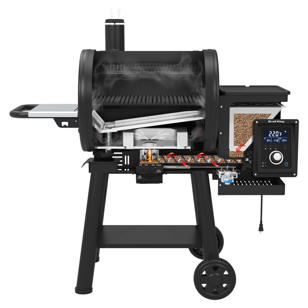 This innovative product is fully equipped with a powerful auger, a 22 lb pellet hopper, a removable grease management system, a unique ash management system, a deluxe rotisserie kit, two electronic meat probes, storage space, and a side shelf.
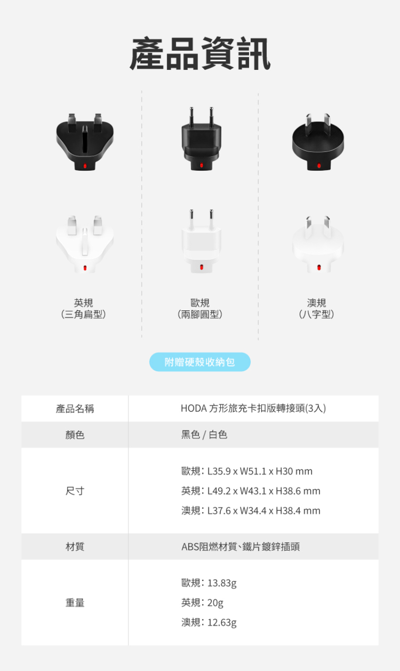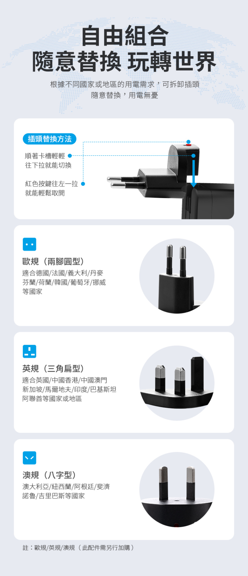 🔸一次擁有歐、英、澳三種規格插頭,輕鬆應對全球各國電壓
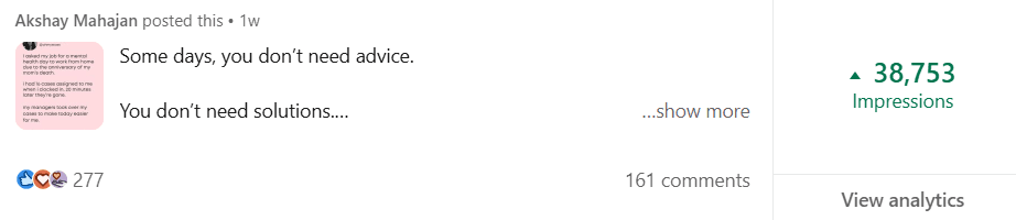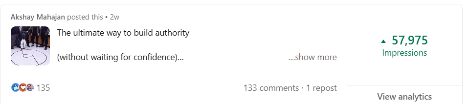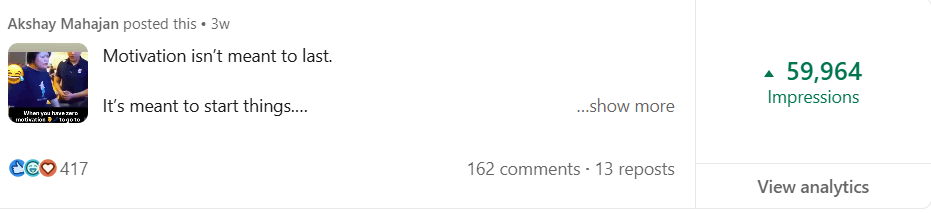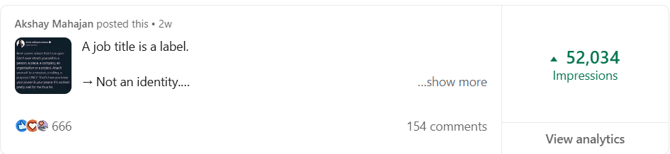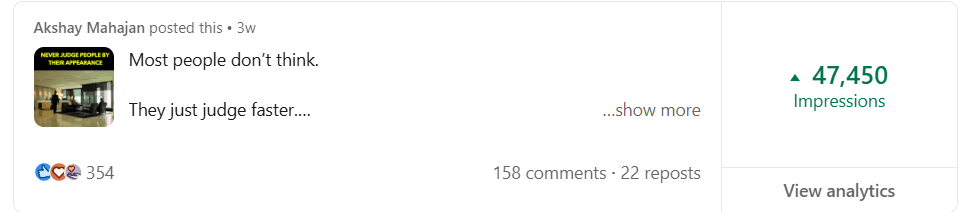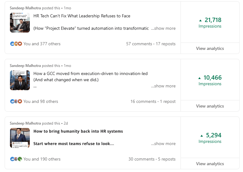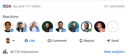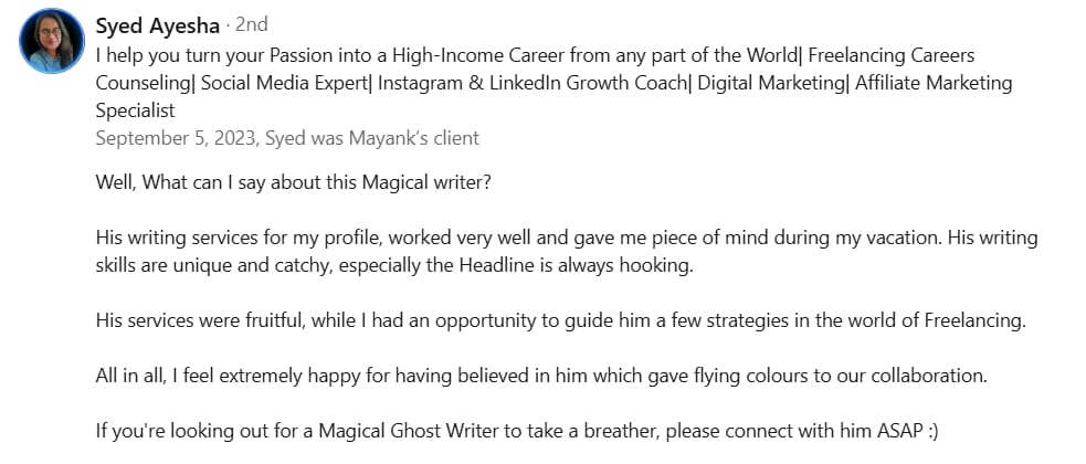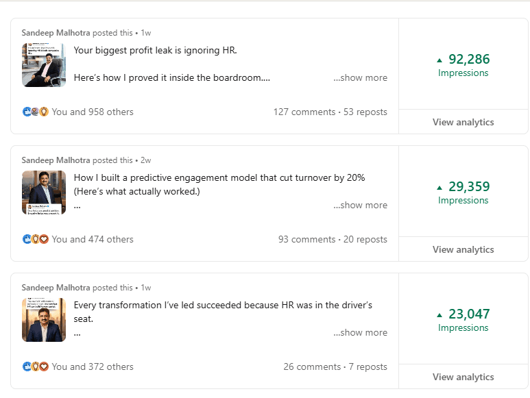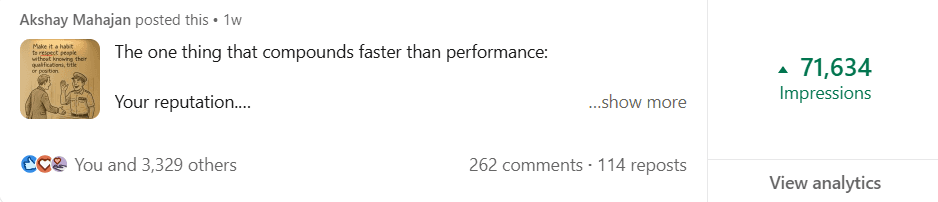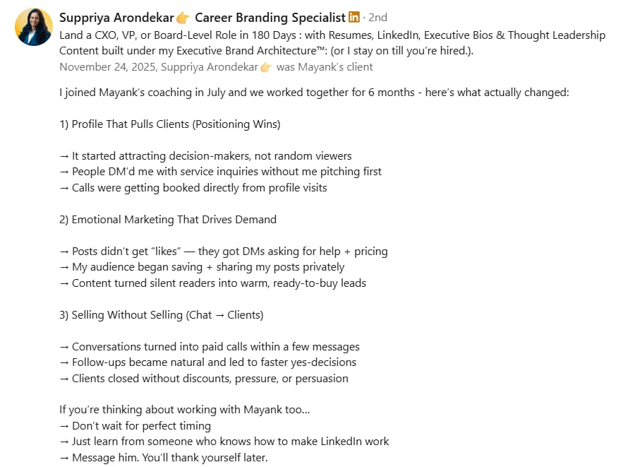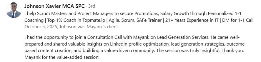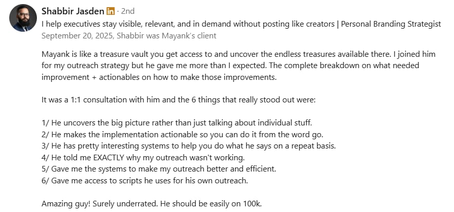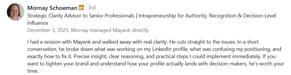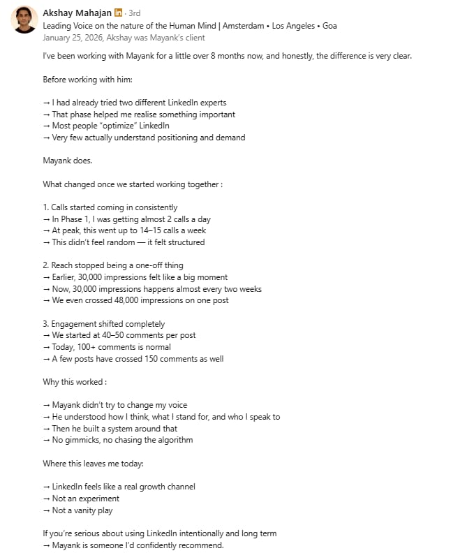 Before Mayank, my LinkedIn was barely moving. My posts got 300-400 views, and nobody was engaging. But in just 2 weeks, he took my impressions to 1000-2000 and boosted my engagement to over 100+. If you want real results on LinkedIn, Mayank is the one to go to.

- EXERCISE BRIEF: What belongs in the answer is each line above, reproduced exactly, and no picture.

- RESPONSE:
 This innovative product is fully equipped with a powerful auger, a 22 lb pellet hopper, a removable grease management system, a unique ash management system, a deluxe rotisserie kit, two electronic meat probes, storage space, and a side shelf.
 🔸一次擁有歐、英、澳三種規格插頭,輕鬆應對全球各國電壓
 Before Mayank, my LinkedIn was barely moving. My posts got 300-400 views, and nobody was engaging. But in just 2 weeks, he took my impressions to 1000-2000 and boosted my engagement to over 100+. If you want real results on LinkedIn, Mayank is the one to go to.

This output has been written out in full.